Yesterday marked the 49th day following the passing of my best friend. In Korea, this day is usually marked by a memorial service, which has its roots in Buddhist tradition and is widely practiced across religions all over the country.

I attended this memorial for my friend at his resting place yesterday together with his family and other people close to him. This was something that I absolutely wanted to be present for and at the same time dreaded for fear that I would break down completely in front of everyone. I saw my physician a few days ago and she must have shared my fear of a breakdown in this situation because she offered me a sedative pill to take before the service to help me stay calm. I’m glad to say that it worked.

I had arranged with two of his other friends to meet at a train station and then go together in a taxi. It was the first time that I met them but they were so welcoming and kind to me and I was so thankful that I did not have to go there alone. We arrived at the memorial park ten minutes before the family and had time to buy a small flower bouquet. Then more friends arrived and then the family – his brother and parents. We gathered in front of my friend’s resting place, which I had seen pictures of before, but actually standing there and seeing his name just choked me up and I started crying quietly.

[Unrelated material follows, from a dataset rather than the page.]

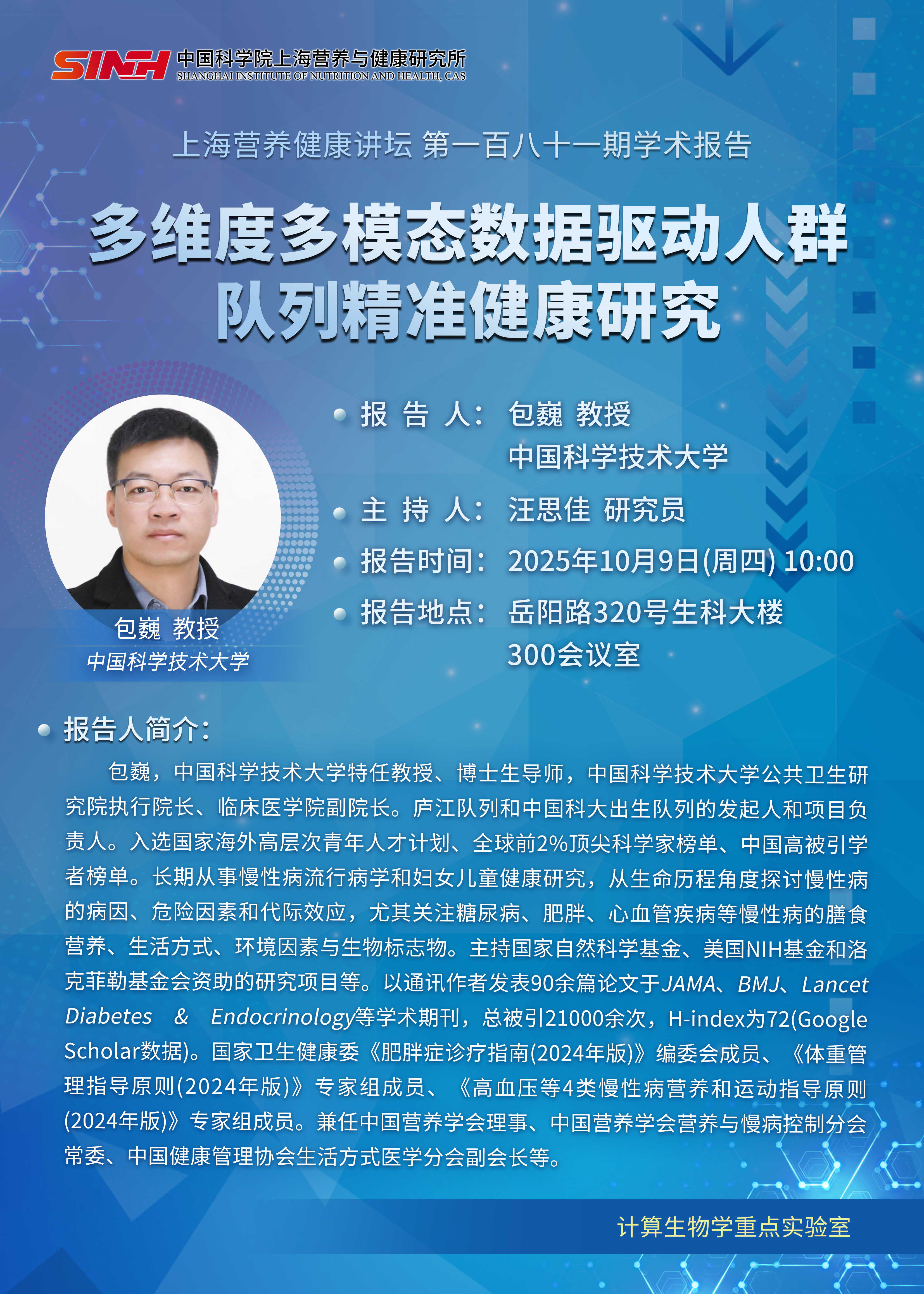 10月9日|多維度多模態數據驅動人群隊列精準健康研究-上海營養健康講壇

Then my friend’s brother took the lead in saying a few prayers and the rest of us chimed in.  I already knew his brother but it was the first time for me to meet the parents. They were so incredibly sweet and obviously in the worst imaginable pain. His mother embraced me and kept clutching my hand tightly while we cried and talked together. I’m so deeply grateful that I got to tell her how much her son had meant to me and I was so happy just to meet her and be able to talk to her.

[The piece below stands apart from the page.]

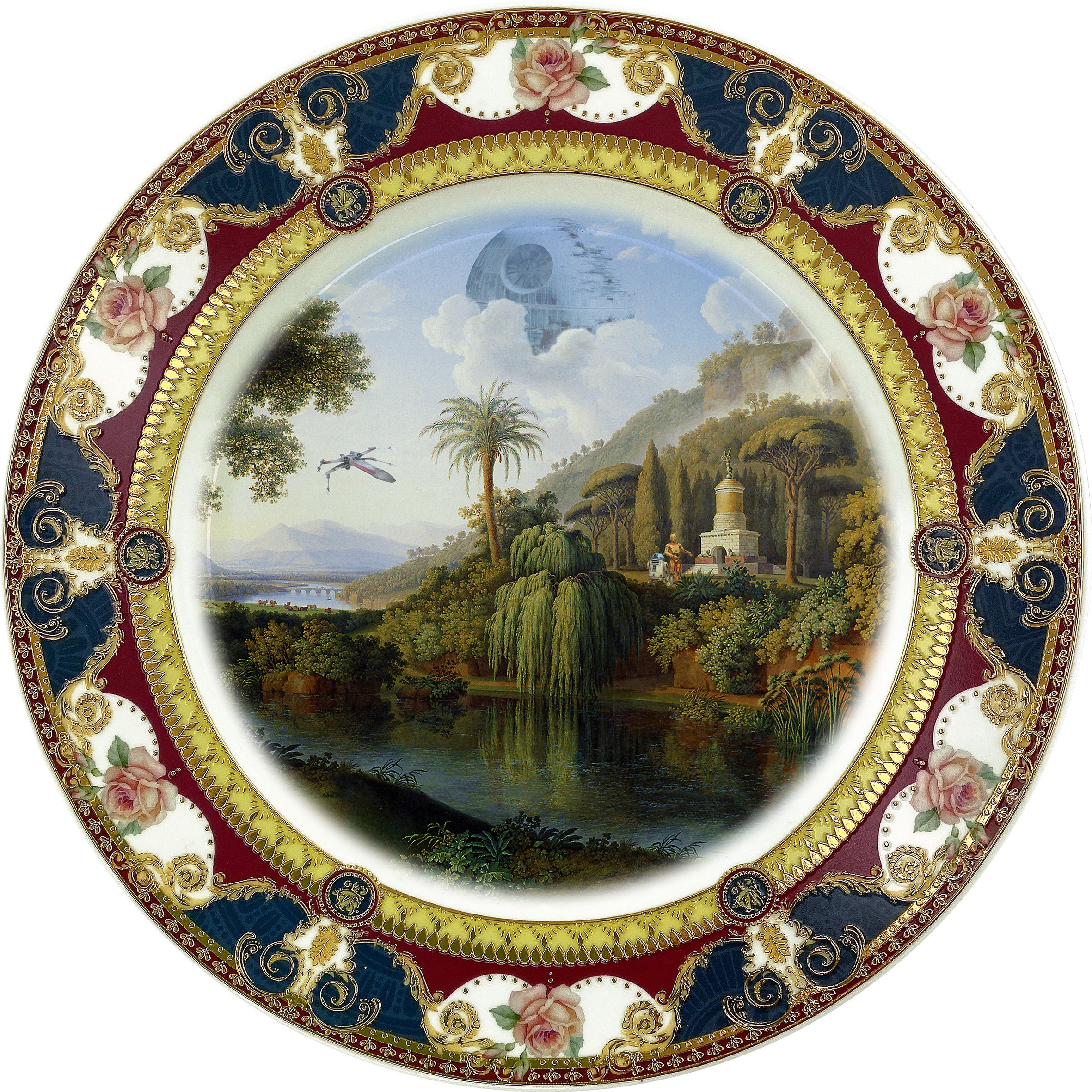"Birdman - Altered Fine China Plate Gran plato de porcelana con importante marco en plata oscur...

My friend’s brother had asked me to bring a few small items that symbolized Denmark, which I should lay down at the resting place. I was deeply honored to do so and feel so thankful that there will now be something there that symbolizes our special friendship. After having laid down the small items I brought, I also fastened the small bouquet next to them.

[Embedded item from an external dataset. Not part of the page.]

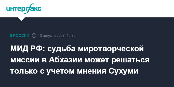 МИД РФ: судьба миротворческой миссии в Абхазии может решаться только с учетом мнения Сухуми

After the memorial service, which altogether lasted about 30 minutes, my friend’s brother and some of the closest friends had dinner together. We went to a restaurant serving 감자탕 – a traditional Korean beef stew with spicy broth. After dinner, we proceeded to a nearby coffee shop to continue talking before going home.

It was a difficult day but I was so comforted by seeing all the other people who knew and loved my friend and I was especially comforted by speaking to his sweet mother. For the first time since his passing, I no longer felt alone with my grief. We all loved him, we all miss him and we all mourn the loss of him. Even though it was difficult, I am so incredibly glad that I went. It was truly a very meaningful day.

I’ll end this post by sharing a poem that one of my dear readers, Melanie, sent to me on one of the days where I most needed it. It’s “When I must leave you” by Helen Steiner Rice:

When I must leave you for a little while,
Please do not grieve and shed wild tears
And hug your sorrow to you through the years,
But start out bravely with a gallant smile;
And for my sake and in my name
Live on and do all things the same,
Feed not your loneliness on empty days,
But fill each waking hour in useful ways,
Reach out your hand in comfort and cheer
And I in turn will comfort you and hold you near;
And never never be afraid to die,
For I am waiting for you in the sky!